I think this will do it. this is several oil analysissses (sp?). there were earlier tests on this car with another laboratory, other oils and much more short interval testing, but they are not recorded electronically, thus they will not be here. 

I run my oil till it is used up completely, not 3k, not 5k, not 7,500 nor anything else than what I found is the max I can run safely. I do not want my oil to test as new all the time, because then I wouldn't be using it up. It's not a race car, it's a road car, which I drive hard when I steal it from my wife. It commuted, stop and go, 2 hours a day, 5 days a week, a million weeks a year... 

It has appeared, based on analysis here and elsewhere, that 10k intervals are a correct fit with the AFL oil from amsoil. I know, from past experience, with other products, that every other lubricant I tried tends to break down much more quickly to unsafe levels in the same window of mileages. 

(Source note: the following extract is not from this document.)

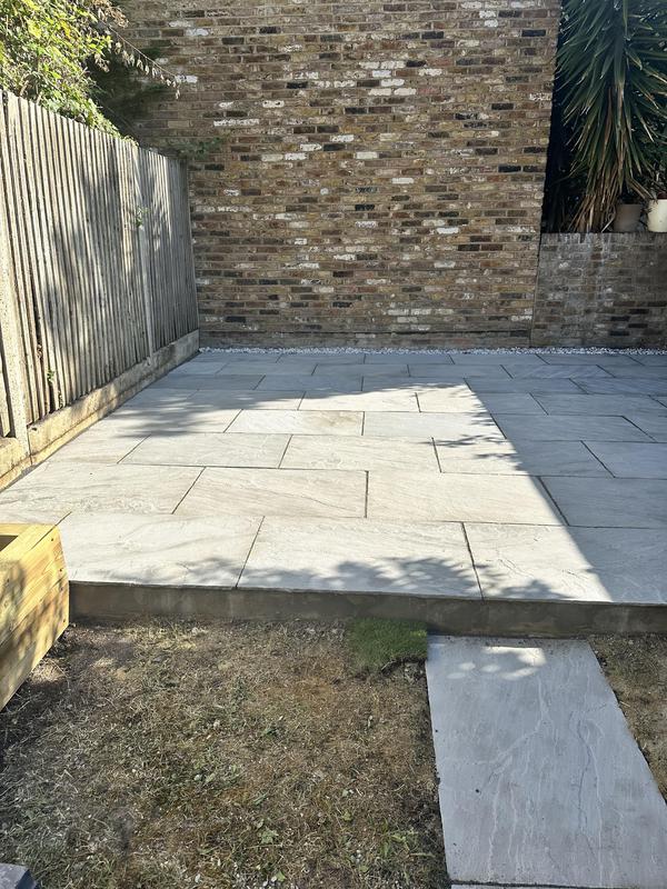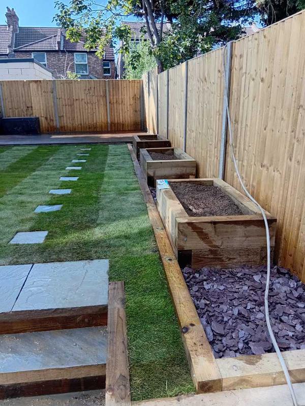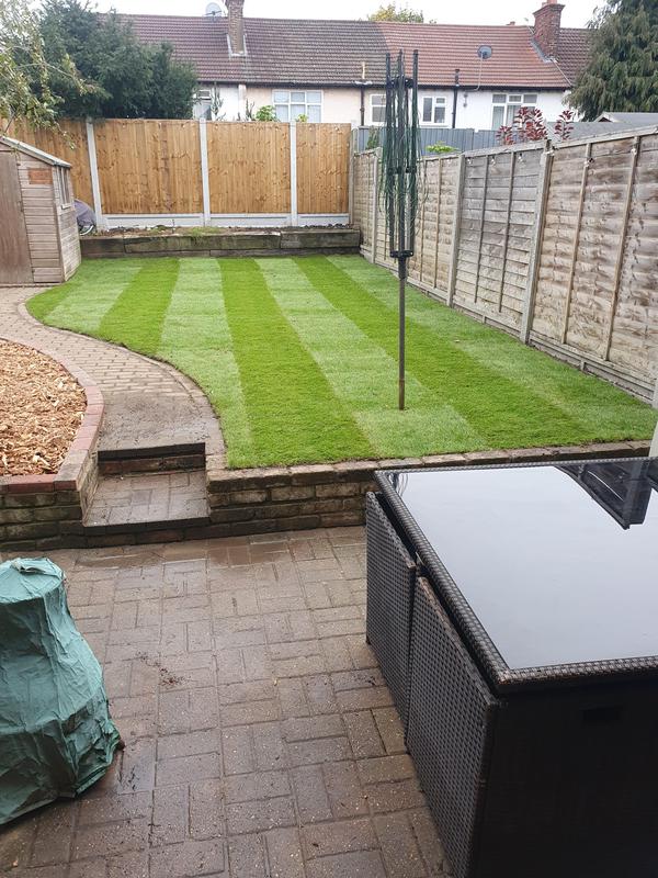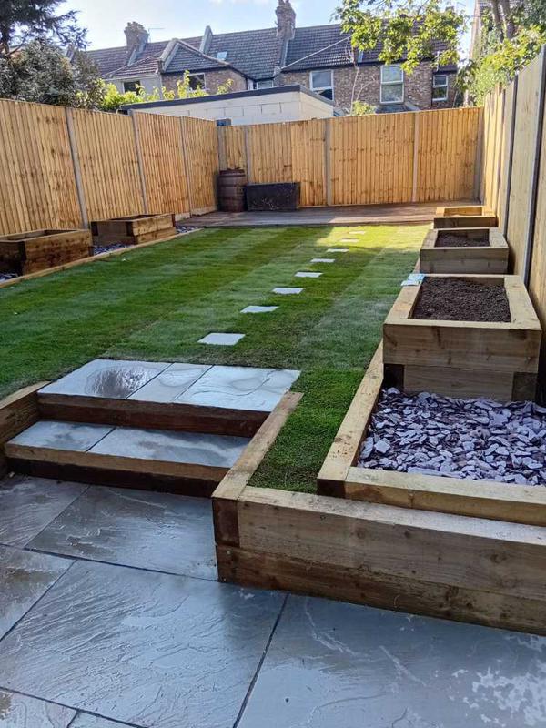 - Complete new garden. Walls built & rendered with lighting installed to make raised boarders. Bench built. New horizontal fence erected. White stone laid. Paving laid for patio & artificial lawn laid.
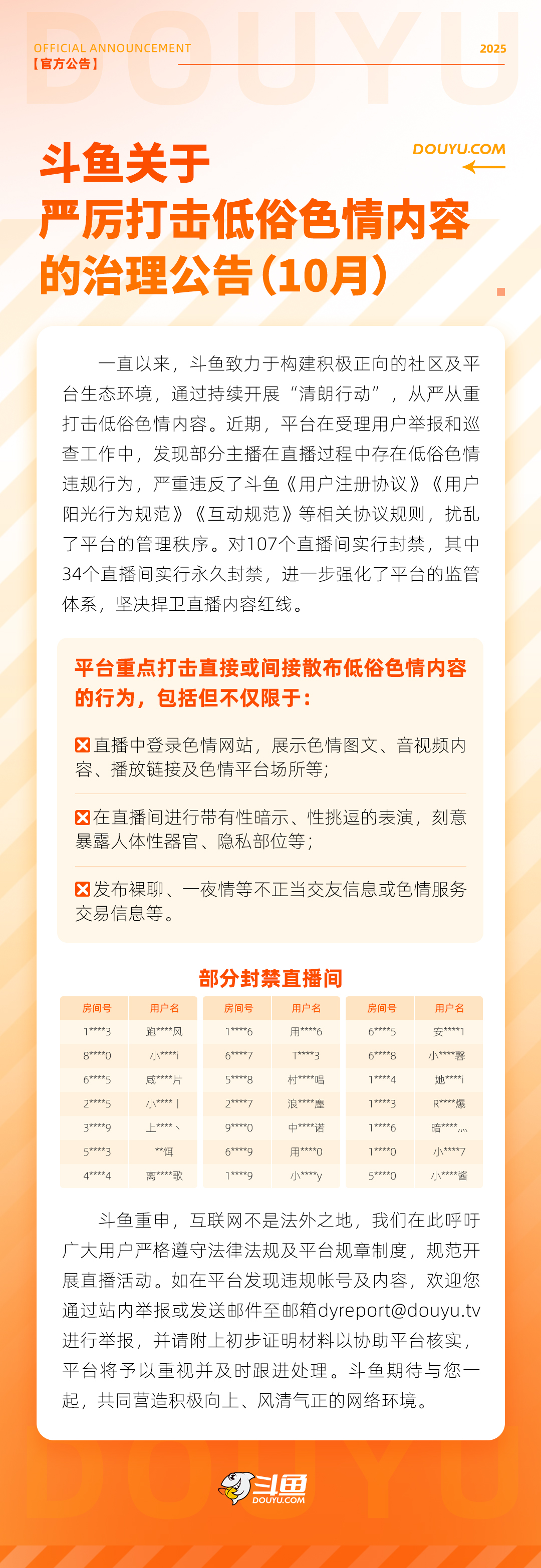 斗鱼关于严厉打击低俗色情内容的治理公告(10月)

The consistency of what I find with this product is why I love it. Never mind I've gone over 30k on an oil change in my Tacoma several times in it's 244k lifetime and still she passes smog cleanly, doesn't consume, leak, burn or whatever. I also found the comfortable drain interval on the street for that vehicle, but as I take it 4 wheeling in the sierra nevada mountains and other extremely dusty environments, the conditions the truck runs in on every oil change is not duplicated consistently.

so, to the original poster, HELL YES. Amsoil for me. good luck.

open to discussion, but no ass hats please.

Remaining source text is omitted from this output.